TL;DR: Ausländische Schifffahrts- oder Luftfahrtunternehmen können in Frankreich von der Körperschaftsteuer für Gewinne aus dem Betrieb ausländischer Schiffe oder Luftfahrzeuge befreit werden, sofern Frankreich eine gegenseitige und gleichwertige Befreiung für französische Unternehmen gewährt. Diese Befreiung ist in Artikel 246 des CGI sowie in diplomatischen Abkommen geregelt. Für belgische Unternehmen gelten besondere Bestimmungen.
Allgemeine Befreiung unter der Bedingung der Gegenseitigkeit
Artikel 246 des Code général des impôts (CGI) sieht vor, dass Gewinne, die von ausländischen Schifffahrts- oder Luftfahrtunternehmen in Frankreich durch den Betrieb ausländischer Schiffe oder Luftfahrzeuge erzielt werden, von der Körperschaftsteuer befreit sind. Diese Befreiung ist an die Existenz einer gegenseitigen und gleichwertigen Steuerbefreiung für französische Unternehmen derselben Art gebunden. Die genauen Modalitäten, einschließlich der betroffenen Steuern, werden durch diplomatische Abkommen und spezifische Dekrete für jedes Land festgelegt, die vom Wirtschafts- und Finanzminister gegengezeichnet werden.

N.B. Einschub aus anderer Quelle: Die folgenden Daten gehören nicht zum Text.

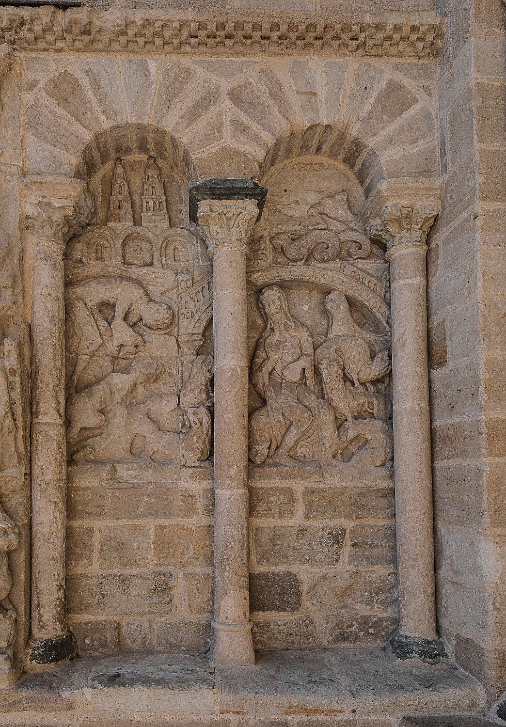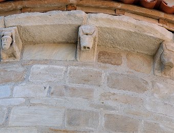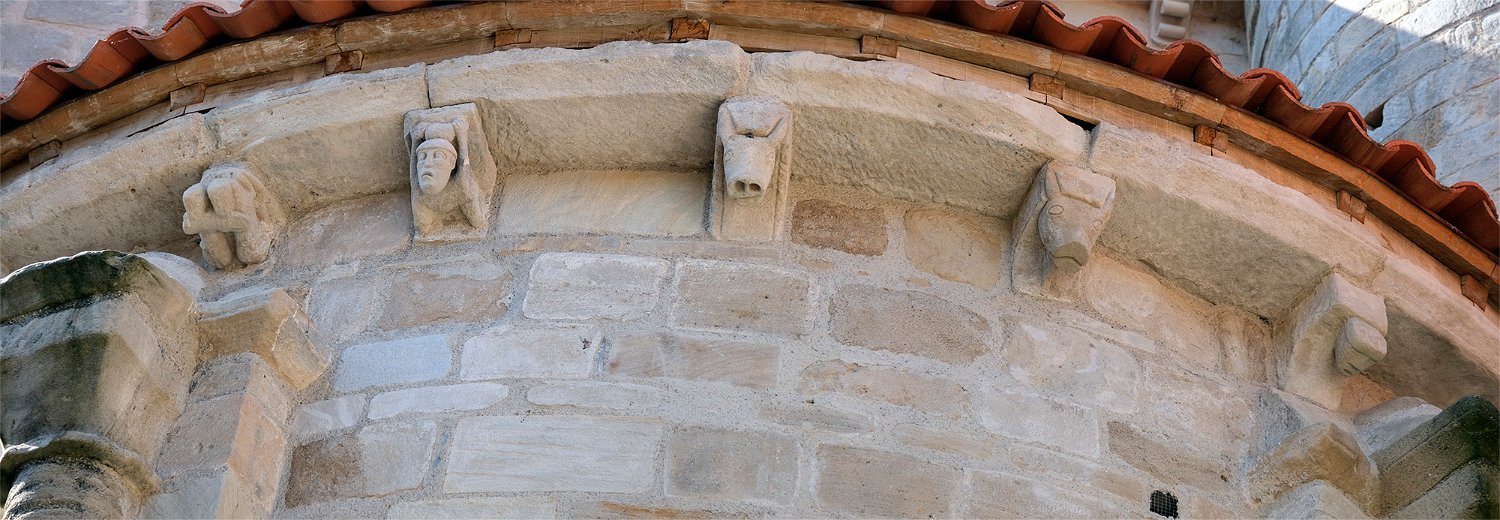 Abbatiale Saint-Pierre - Sculptures en haut du mur de la photo précédente

Einbeziehung der Gewinne in die französische Bemessungsgrundlage
Gewinne, die von französischen Schifffahrts- oder Luftfahrtunternehmen in Ländern erzielt werden, die Frankreich die gegenseitige Befreiung gewähren, werden in die Bemessungsgrundlage der in Frankreich von diesen Unternehmen geschuldeten Steuer einbezogen. Diese Regelung soll eine ausgewogene steuerliche Behandlung zwischen den Staaten sicherstellen.
Besonderer Fall belgischer Unternehmen
Unternehmen der Schifffahrt oder Luftfahrt, deren tatsächlicher Verwaltungssitz in Belgien liegt, unterliegen in Frankreich keiner Besteuerung auf Gewinne aus dem Betrieb von Schiffen oder Luftfahrzeugen im internationalen Verkehr, selbst wenn sie in Frankreich eine Betriebsstätte haben. Diese Regelung gilt seit dem 1. Januar 1976.
Ausschließliche Besteuerung in Frankreich für französische Unternehmen mit Betriebsstätte in Belgien
Umgekehrt unterliegen französische Schifffahrts- oder Luftfahrtunternehmen, deren tatsächlicher Verwaltungssitz in Frankreich liegt, ausschließlich in Frankreich der Besteuerung auf Gewinne aus dem Betrieb von Schiffen oder Luftfahrzeugen im internationalen Verkehr, die über eine Betriebsstätte in Belgien erzielt werden.
Rechtlicher Rahmen und Anwendung
Die Befreiung ist streng durch den CGI und internationale Steuerabkommen geregelt. Die praktischen Modalitäten (diplomatische Abkommen, Dekrete) variieren je nach Partnerland. Keine Befreiung wird ohne vorherige Überprüfung der Gegenseitigkeit und Gleichwertigkeit der steuerlichen Behandlung gewährt.
Grenzen und Ausschlüsse
Die Befreiung gilt nicht für Gewinne, die nicht aus dem Betrieb ausländischer Schiffe oder Luftfahrzeuge stammen. Zudem ist sie auf Länder beschränkt, die ein Gegenseitigkeitsabkommen mit Frankreich geschlossen haben. Unternehmen müssen ihre Berechtigung anhand der gesetzlichen Kriterien nachweisen.
Beispiele betroffener Länder
Belgien wird explizit als Partnerland genannt, für das spezifische Regelungen gelten. Andere Länder können betroffen sein, sofern diplomatische Abkommen im Einklang mit Artikel 246 des CGI bestehen.